You will have to post pics!


----------



## toth boer goats (Jul 20, 2008)

Congrats.


----------



## Kupla (Aug 1, 2014)

I'm giving to post pics tomorrow when I can use my laptop, I had forgotten how stinking cute new babies are! They already try to sleep in my lap when I sit down and they're starting to jump and play... Lulu has no use for Luca though, he wanted to check out the new additions and got a headbutt to the gut for his troubles.


----------



## canyontrailgoats (Jan 4, 2014)

Congrats! Pics asap please


----------



## Dayna (Aug 16, 2012)

ah cute! congrats!


----------



## Kupla (Aug 1, 2014)

I hope the pictures post. The one with the dark marking is a little buckling, the lighter one is a doeling. Is the lighter one still a chamoise?


----------



## Rhandi74 (Dec 6, 2013)

So cute!!! Congrats!!! And good job Luca for alerting you


----------



## sweetgoats (Oct 18, 2007)

Congratulations. Mom looks a little thin but they are adorable.

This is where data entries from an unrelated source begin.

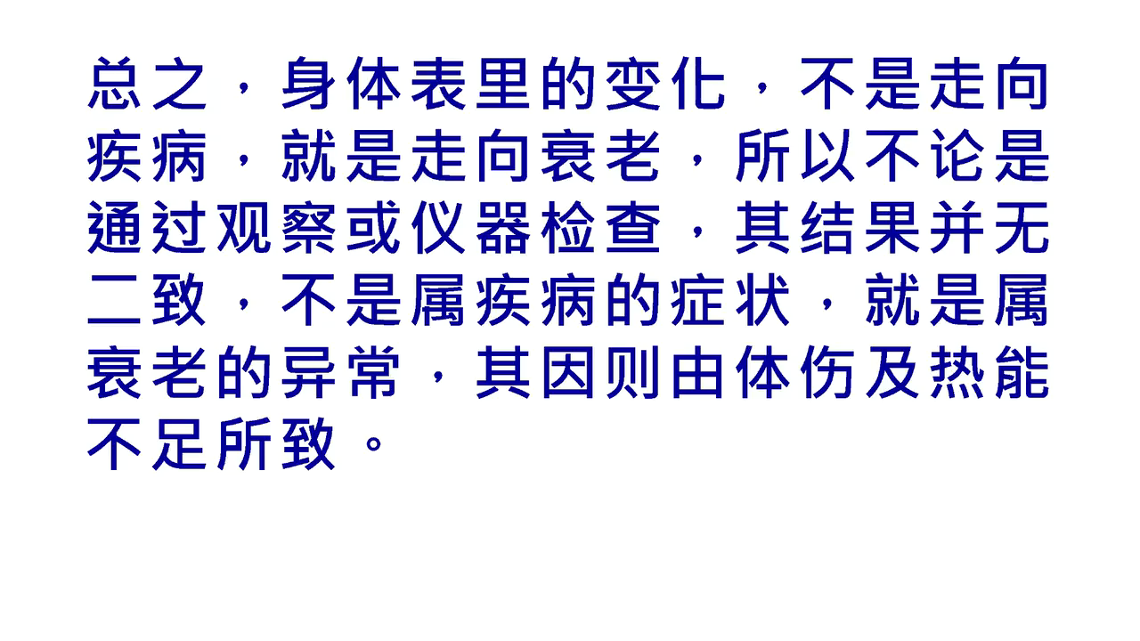 - 总之,身体表里的变化,不是走向疾病,就是走向衰老,所以不论是通过观察或仪器检查,其结果并无二致,不是属疾病的症状,就是属衰老的异常,其因则由体伤及热能不足所致。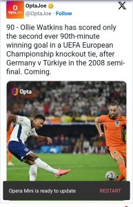Ollie Watkins scored a last-minute winner as England secured a 2-1 victory over the Netherlands to lead his side to the Euro 2024 final against Spain on Sunday at the Olympic Stadium in Berlin.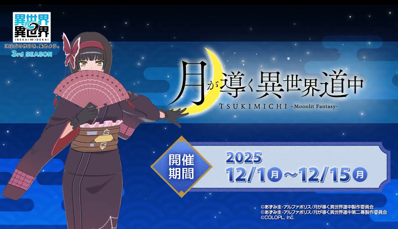12月1日から開始予定の異世界∞異世界の月が導く異世界道中イベントの最新情報です。ツキミチ実装キャラクターの真、巴、澪のスキルが公開されています。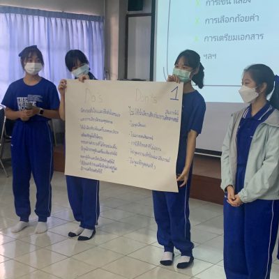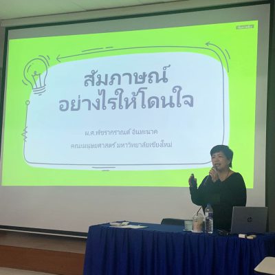 กลุ่มสาระภาษาไทย ระดับมัธยมศึกษาตอนปลาย จัดการอบรมเชิงปฏิบัติการ “สัมภาษณ์อย่างไรให้ปังโดนใจกรรมการ” เมื่อวันเสาร์ที่ 18 มิถุนายน 2565 เวลา 8:30-16:00 น. ณ ห้องประชุม 2 อาคารเพชรรัตน – สุวัทนา โดยได้รับเกียรติจาก ผศ.พัชรากราณต์ อินทะนาค อาจารย์ประจำภาควิชาภาษาอังกฤษ คณะมนุษย์ศาสตร์ มหาวิทยาลัยเชียงใหม่ มาเป็นวิทยากร ให้ความรู้และแบ่งปันประสบการณ์ในการสัมภาษณ์เพื่อเข้าศึกษาต่อระดับอุดมศึกษา ซึ่งนักเรียนให้ความสนใจ และได้ฝึกการสัมภาษณ์จริง โดยบรรยากาศในการอบรมครั้งนี้ นักเรียนตั้งใจและสามารถฝึกปฏิบัติสัมภาษณ์ได้อย่างดีเยี่ยมทุกคน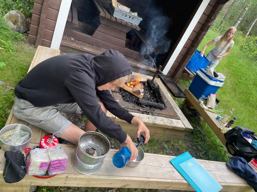Kalmer fick montera ihop Trangiaköket med gastillsats och koka nudlarna.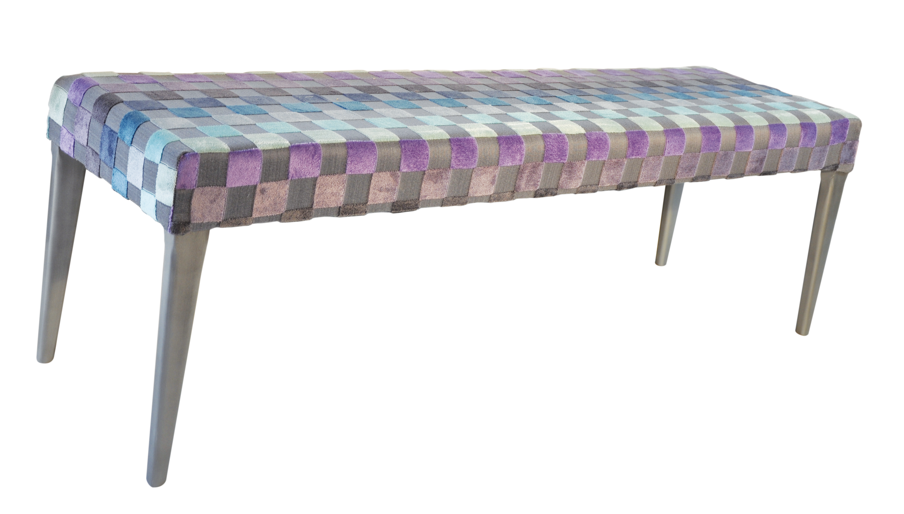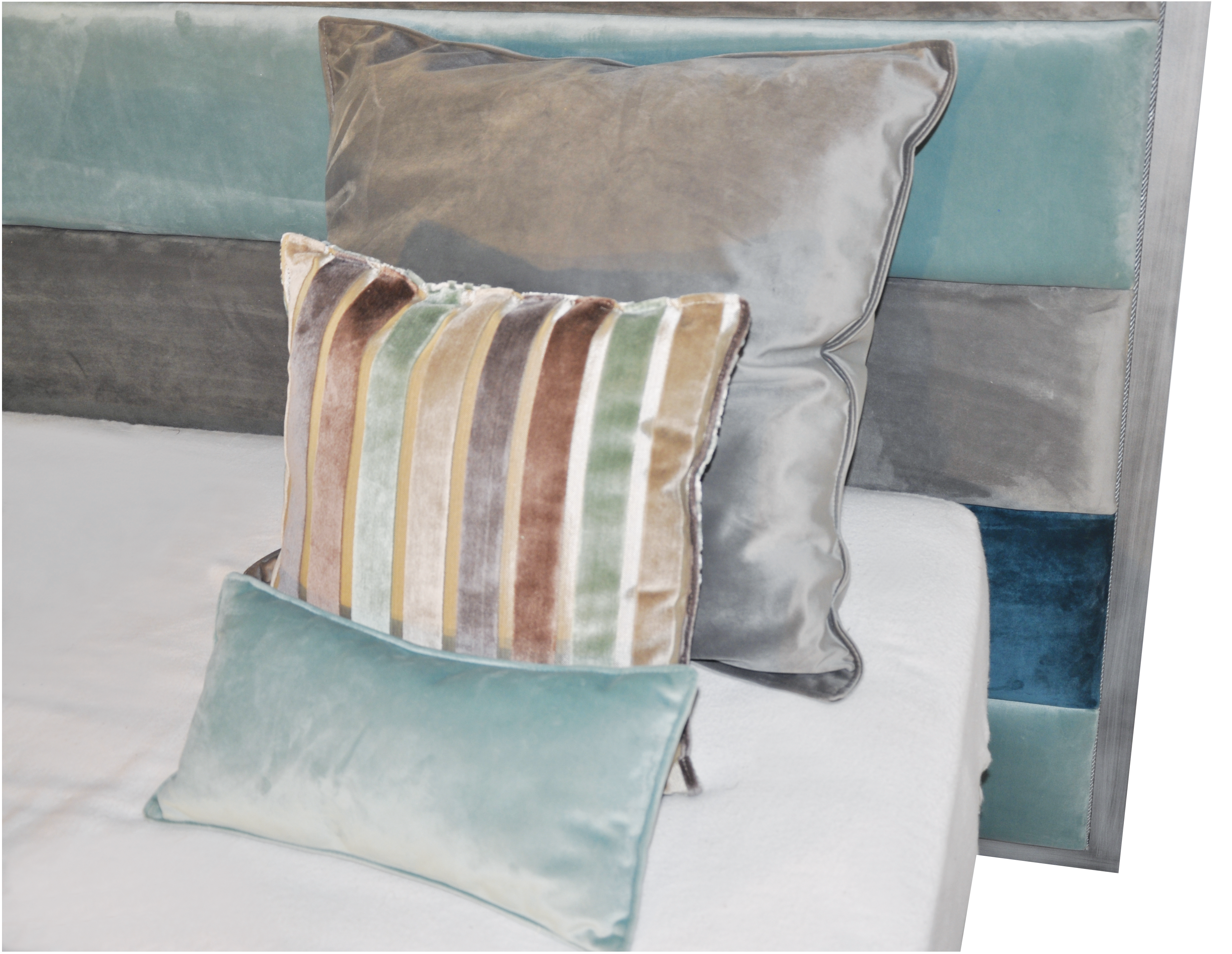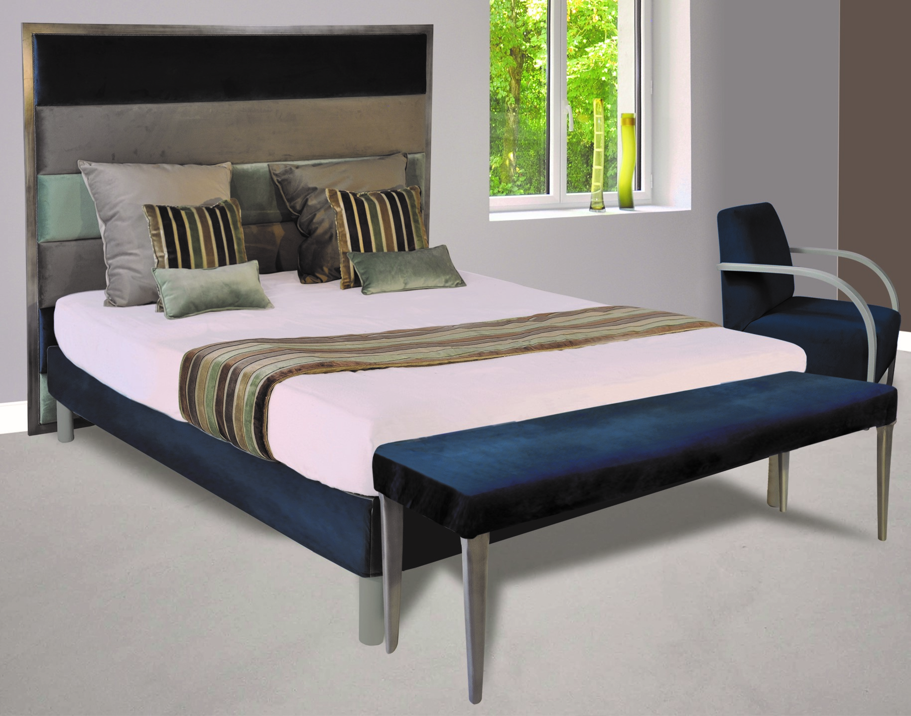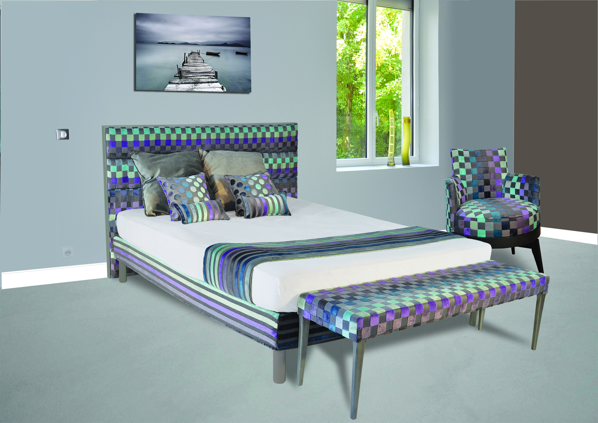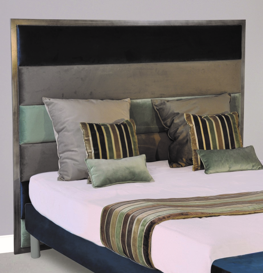 Tête de lit personnalisable grâce à un vaste choix de tissus (un tissu différent peut être choisi pour chaque bandeau) et de couleurs de bois..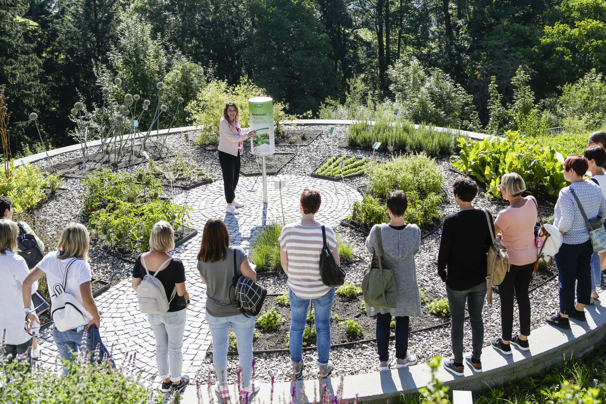 Im terrassenförmig angelegten, frei zugänglichen A.Vogel Schaugarten auf dem Hätschen in Teufen AR gedeihen rund 120 verschiedene Heil- und Küchenkräuter.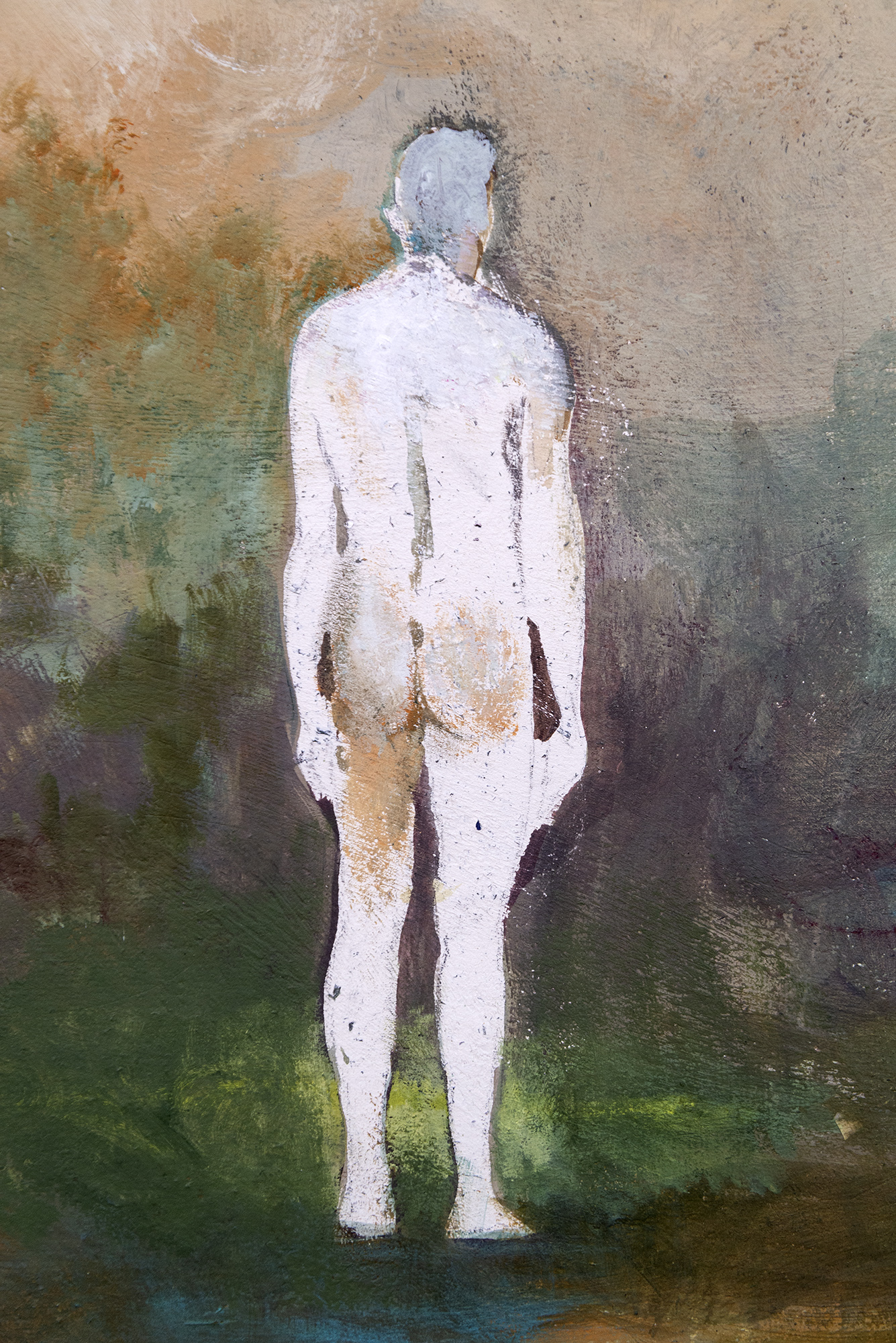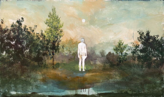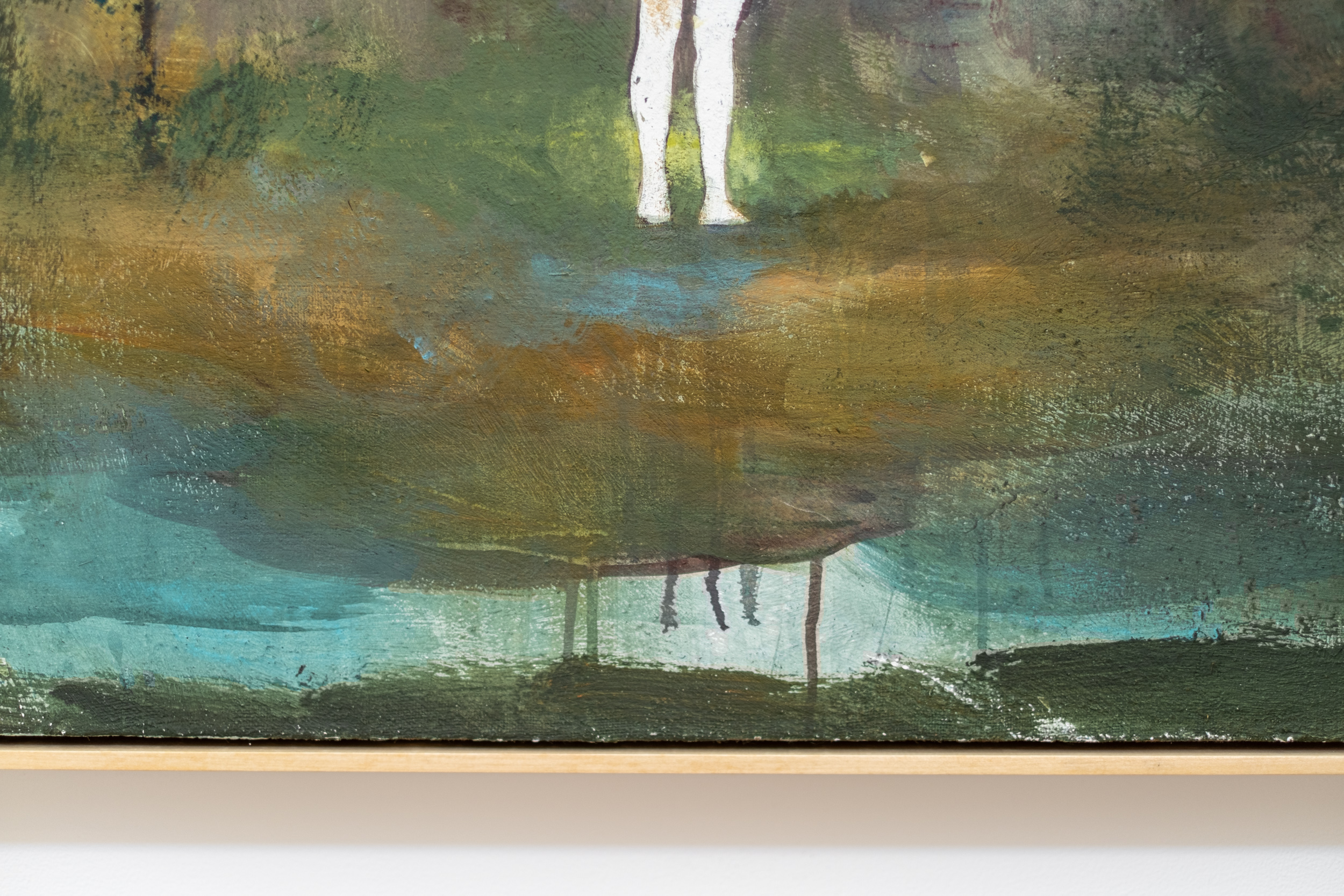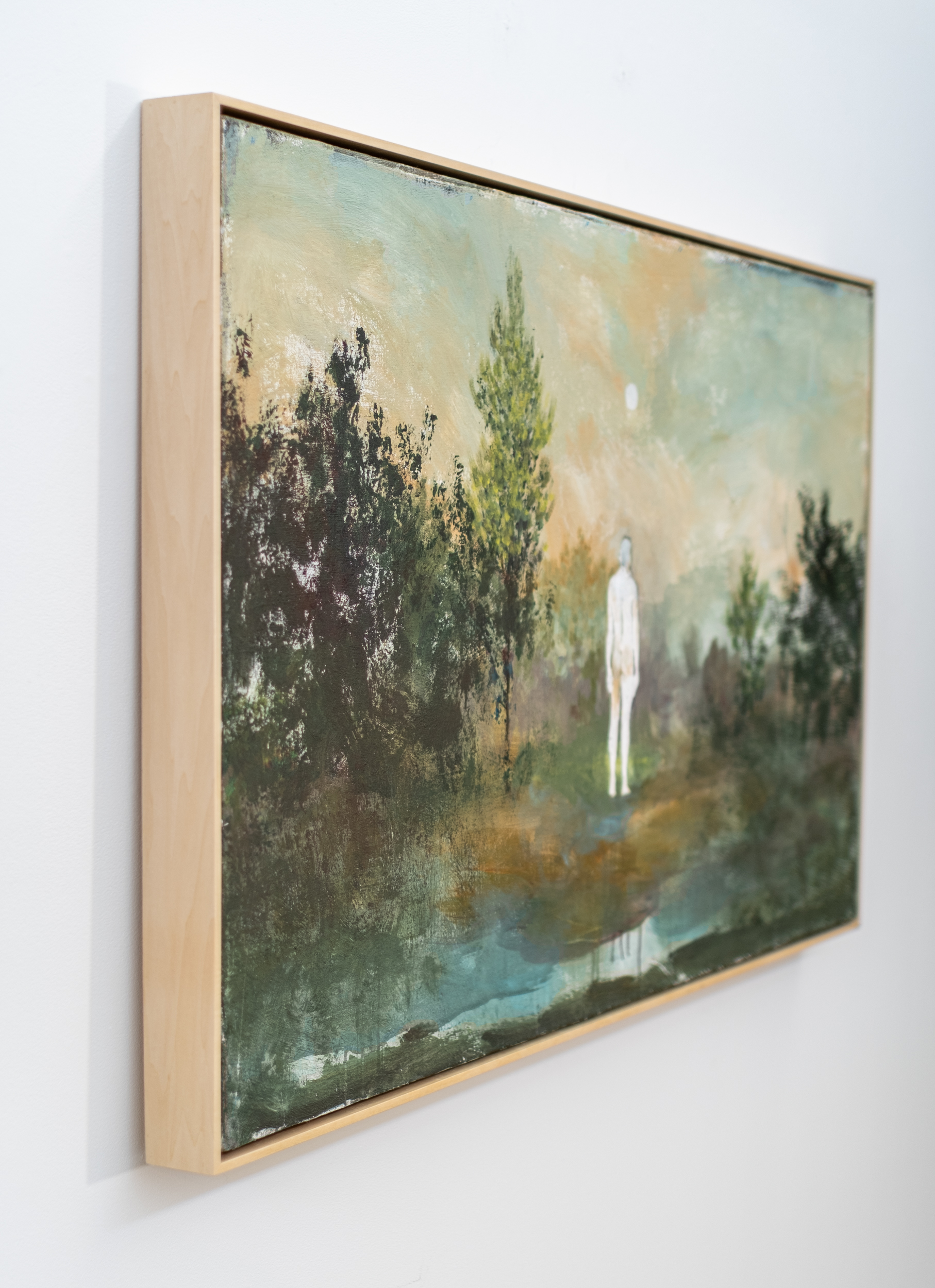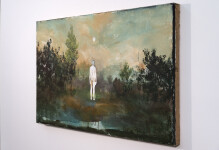 This piece—a unique mix of clay and pigment on jute captures a view of the countryside…with a single human figure in the center—an almost ghost-like white image who appears to be gazing at the moon. The figure is surrounded by lush foliage painted with expressive brushstrokes in deep greens, aubergine, golden earthy browns and turquoise waters. The sky is a mix of soft blues and blush.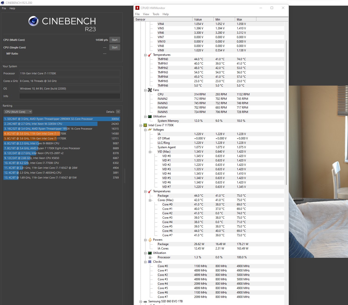 Призываю к коллективному разуму. Я уже больше месяца пытаюсь понять что произошло с производительностью CPU, просела примерно на 10%, биосы разные шил, винду(10-ю,11-ю) раз 10 переставлял, при одинаковых настройках биос, в LinX 0.9.11 раньше всегда было в районе 540 гигафлопс, теперь 500. В других тестах CinebenchR23, 3DMark Time Spy тоже видно эти 10% просадки. Самое интересное иногда система выдаёт положенные баллы в тестах, но никаких закономерностей я не заметил, 99% времени результаты ниже положенных что были раньше(скрины есть старые). Как бенчить я прекрасно знаю, после загрузки подождать 2-3 минуты пока процессы устаканятся. Куда копать и как исправить, непонятно.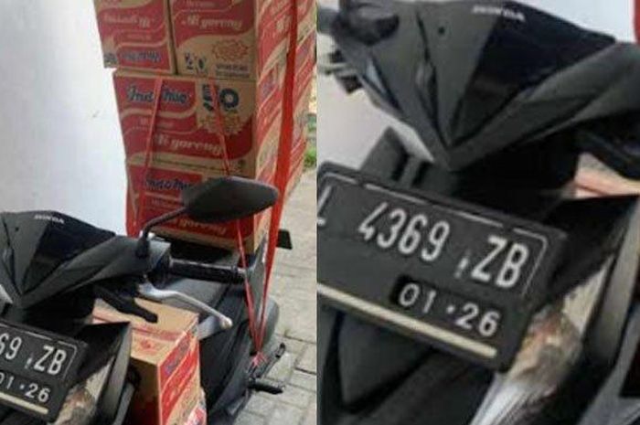 Motor Plus-online.com - Tega, Honda BeAT beserta 8 kardus mi instan milik pedagang disikat maling saat parkir di swalayan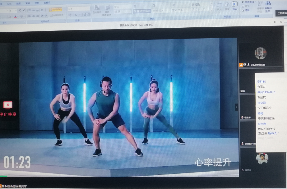 时尚团操是针对体育学院休闲体育专业学生开设的专业技术课程。在线上教学中,继续保持以实践为主,穿插辅以理论指导的教学方式,在授课过程中主要采用分享屏幕讲授理论知识、直播互动进行示范指导、线上重难点答疑解惑、在线直播团队技术展示、线下分组练习模拟教学等形式进行,结合课程的教学进度、教学内容,设置更时尚适用的健身团操进行集体学习。
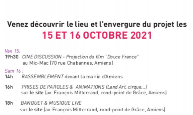 Pour découvrir sur place l'ampleur du projet rendez-vous ce samedi 16/10 à Amiens. Au programme, présentation du lieu, prises de parole, musique, atelier land art pour les enfants, et banquet!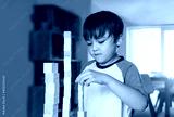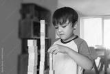 Selective focus smart kid building the tower stack from wooden blocks toy, Happy Child boy playing stack of wood cube in living room,Children Play and learn about construction at home,Home schooling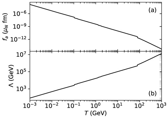(a) In the top panel, the curve plots the anapole moment at which the spin–flip rate of a non-relativistic Majorana fermion equals that of the Hubble parameter for a given temperature in the radiation-dominated era of the early Universe. (b) Setting with , the curve in the lower panel shows the energy scale at which the spin–flip rate of a non-relativistic Majorana fermion equals that of the Hubble parameter for a given temperature in the radiation-dominated era of the early Universe. Note: The curves in (a,b) are not smooth because we treat the relativistic degrees of freedom as a piecewise continuous function of the temperature. A more detailed calculation would have little impact on our results.

I agree Pygmy.


----------



## Kupla (Aug 1, 2014)

She is thin. I've already put more weight in her in the month I've had her but I'm still not happy with it.


----------



## ksalvagno (Oct 6, 2009)

Very cute!


----------



## PygmyMom (Mar 3, 2014)

Adorable!!! I think you may have some pygmy in there! Tooooo stinking cute!!


----------



## Kupla (Aug 1, 2014)

They are adorable! A bit skittish when you approach, especially if Lulu snorts at me, but once you get a hand on them they love to be scratched and petted.


----------